# Help Needed !!!



## sree (May 31, 2009)

Hi,

With God's Grace I have composed a few piano solos and a piano with orchestra. And a few in production.

I am planning to sell the album. But I do not know how to do this.. 

Curently working as a composer for a production company where all my compositions are basically symphony....

How to I sell and market the album...

How to approach the publishers?

Please help

Cheers!!!


----------



## sree (May 31, 2009)

Do mention any idea ...


----------



## Bach (Jun 2, 2008)

You should know better than us. Compile the album and send it to iTunes?

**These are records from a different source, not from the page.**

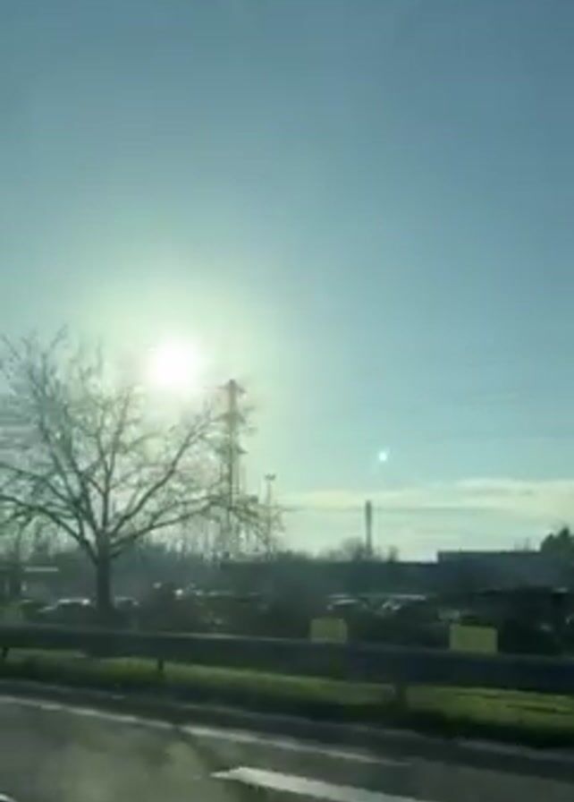 view from a car driving on a highway, with the sun shining brightly in the sky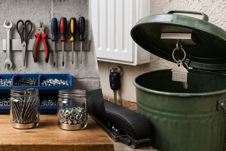 Спрятать запасной ключ от дома или дачи — задача не из легких. Классические тайники под ковриком давно стали притчей во языцех для воров. Попробуйте использовать неодимовые магниты прямоугольники или диски для создания невидимого сейфа. Приклейте мощный магнит с внутренней стороны металлической крышки мусорного бака, под днище автомобильного сиденья или за радиатор отопления. Ответную часть с ключом можно закрепить на самом предмете. Так ваш ключ будет надежно зафиксирован в воздухе, не издавая звуков и оставаясь абсолютно незаметным для посторонних глаз.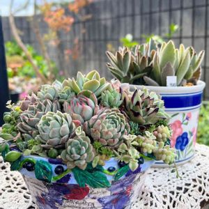 最近は おひとり様と葉挿しベビちゃん達に かまってて 手抜きの寄せ植え達でした 枯葉取って 雨の水滴飛ばして…… 癒されました(* ´ ` *)ᐝ やっぱり寄せ植えいいね💕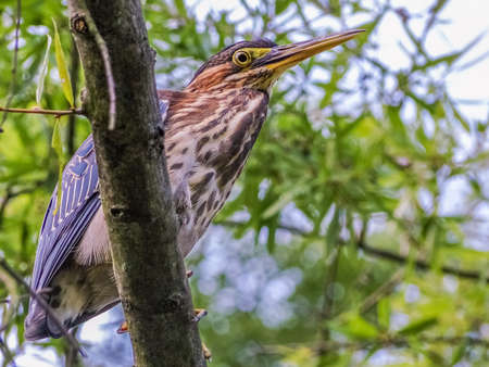 A green heron, Butorides virescens, perched on a tree branch at Harbor Island, Grand Haven, Michigan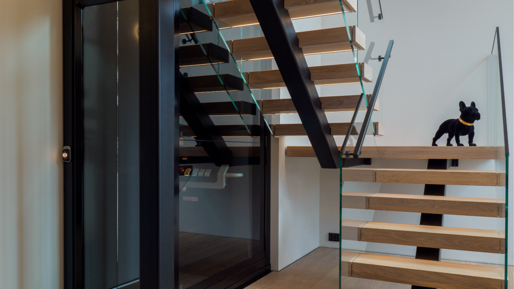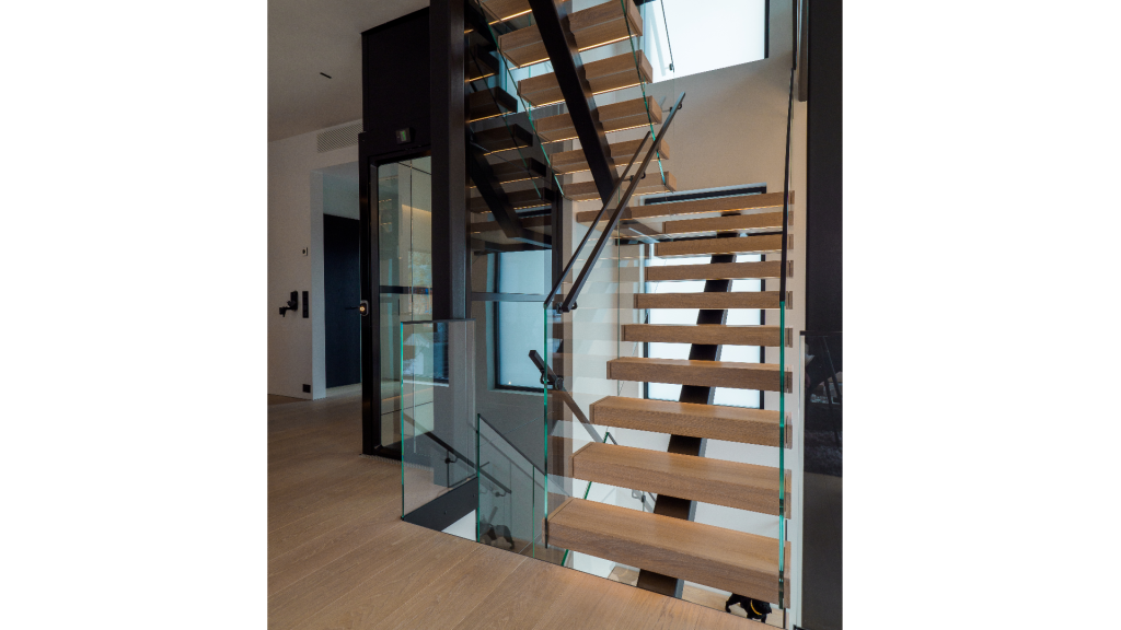 Asunnossa on esimerkiksi keittiö toisessa kerroksessa, jolloin ruokakassien kantaminen keittiöön helpottuu kotihissin avulla. Hissi saatiin suunnitteluvaiheessa sovitettua hienosti keskeiseen paikkaan, josta hissillä matkustaessa on hienot näkymät ja lasisen kuilurakenteensa sekä lasisten pariovien ansiosta hissi istuu huomaamattomasti muuhun sisustukseen. Lisätietoja videolta: https://youtu.be/7aQz7KkcTjE?si=j1TKfF3GVofClD3P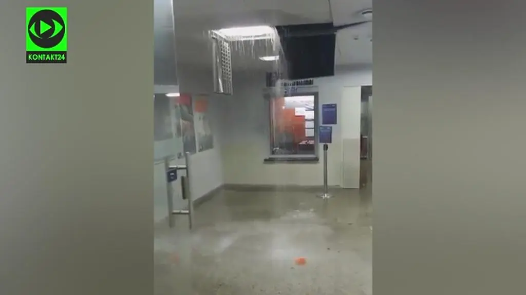 Na jednym z nadesłanych nagrań widać, jak woda leje się wprost z sufitu jednego z pomieszczeń dworca Warszawa Centralna: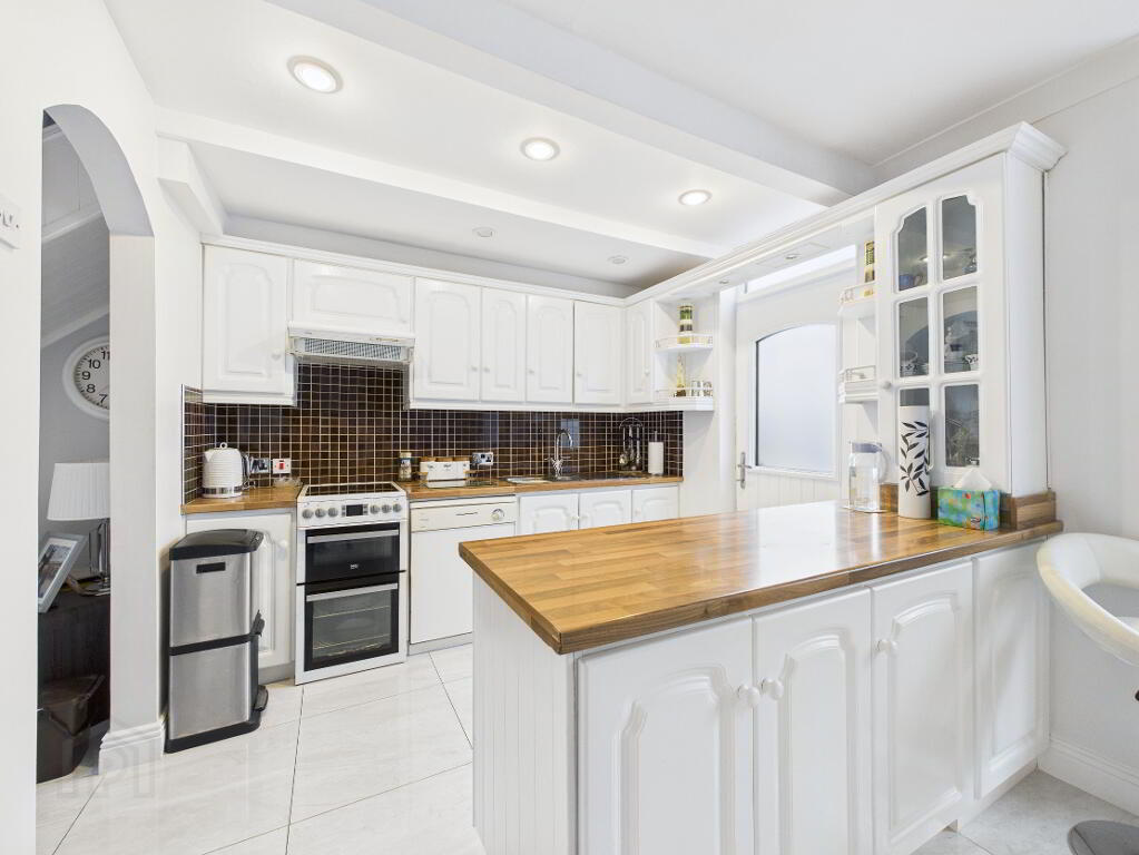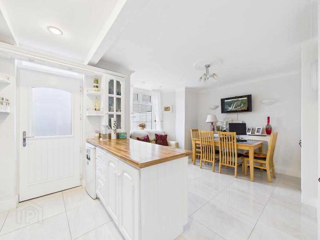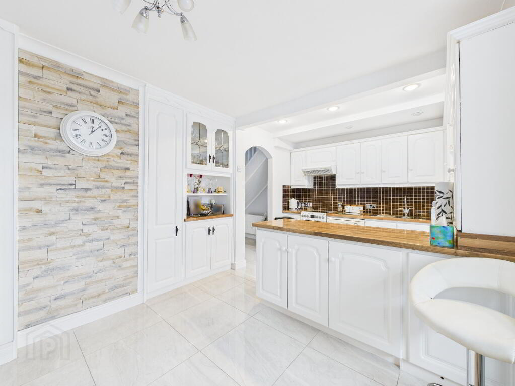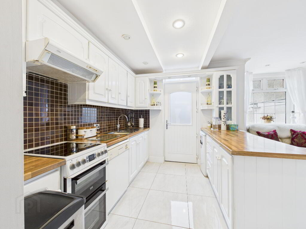 Fully fitted kitchen with wall and floor units. Tiled splashback. Timber effect worktop. PVC door to rear garden.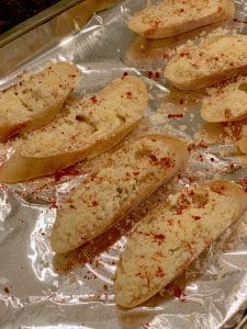- Place baguette slices on baking pan and bake for 10 minutes or so until browned and remove.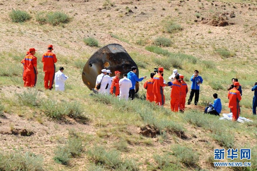 6月29日,地面搜索人員接近返回艙進(jìn)行開艙處置。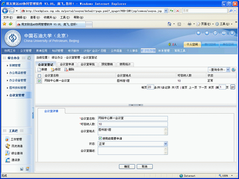 會議室管理員首先需要對會議室資源信息進行登記(如下圖)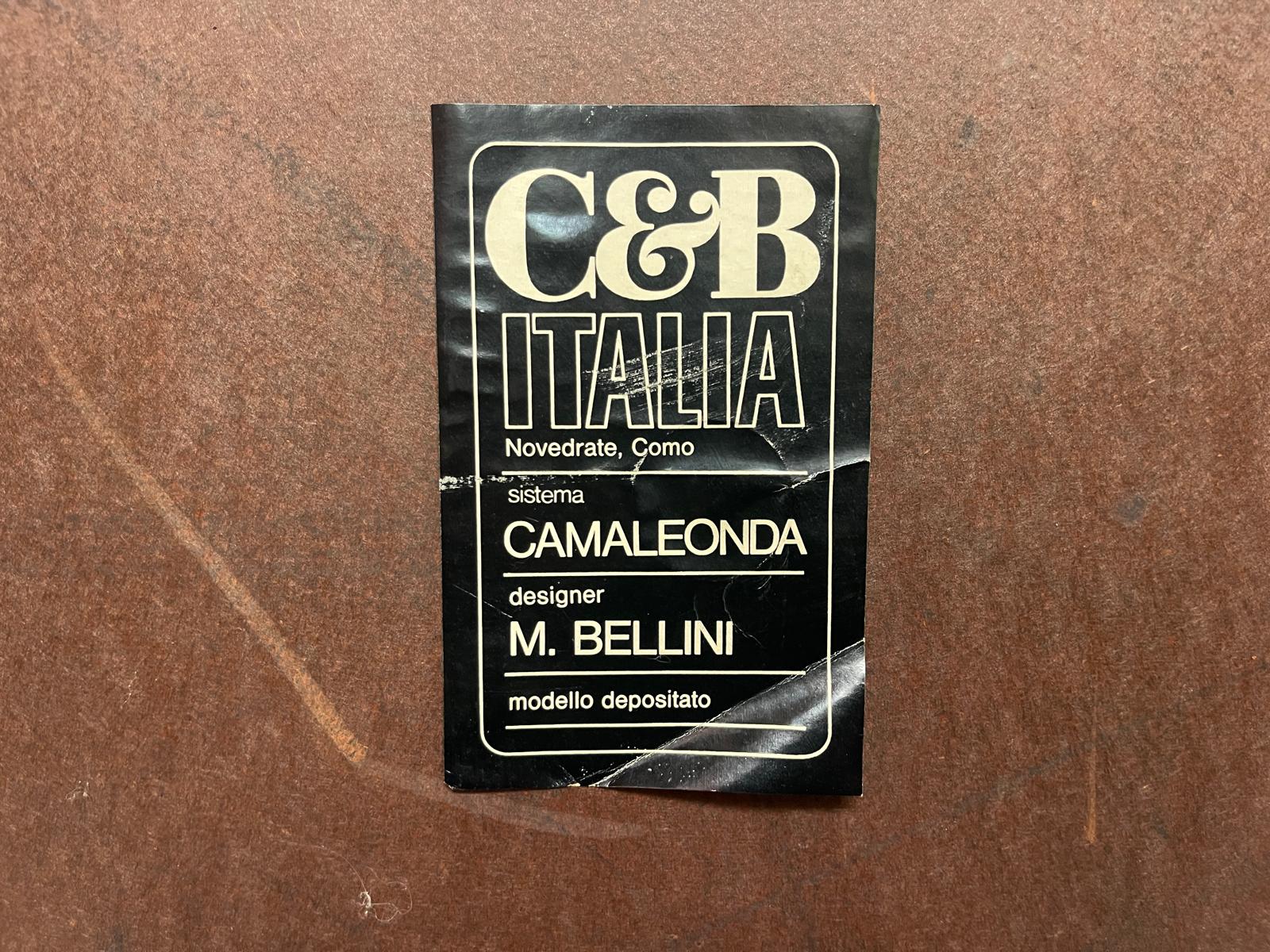 Le nom « Camaleonda » est une fusion de deux mots italiens : camaleonte (caméléon) et onda (onde), reflétant le design modulaire hautement adaptable du canapé et sa forme fluide et sculpturale. L’étiquette du fabricant d’origine est toujours attachée sous l’œuvre, confirmant son origine et son authenticité.

There's one idea, I know someone who's done that successfully..


----------



## sree (May 31, 2009)

I will be competing the album in another 8 weeks. I will poat a thread . You please tell me whome to contact..... Thanks a million....

Cheers!!!


----------



## Saturnus (Nov 7, 2006)

Well, nobody who has personal contacts to a publisher recommends or gives private contact info to someone whose music he hasn't heard. Most publishers and record companies are devoted to certain types of music, genres, so even a regular CD purchaser must know what type your music is before he could give you ideas about with which label your music might belong.
In short, tell us more about your music or post some samples.


----------



## sree (May 31, 2009)

Thanks saturnus..... My currently working on classical orchestrated music. All the composition are new and original. It is my dream to release this album. I have one more dream i have a plan to sell a few percentages of sale to schools which needs money for education. 

Cheers!!!


----------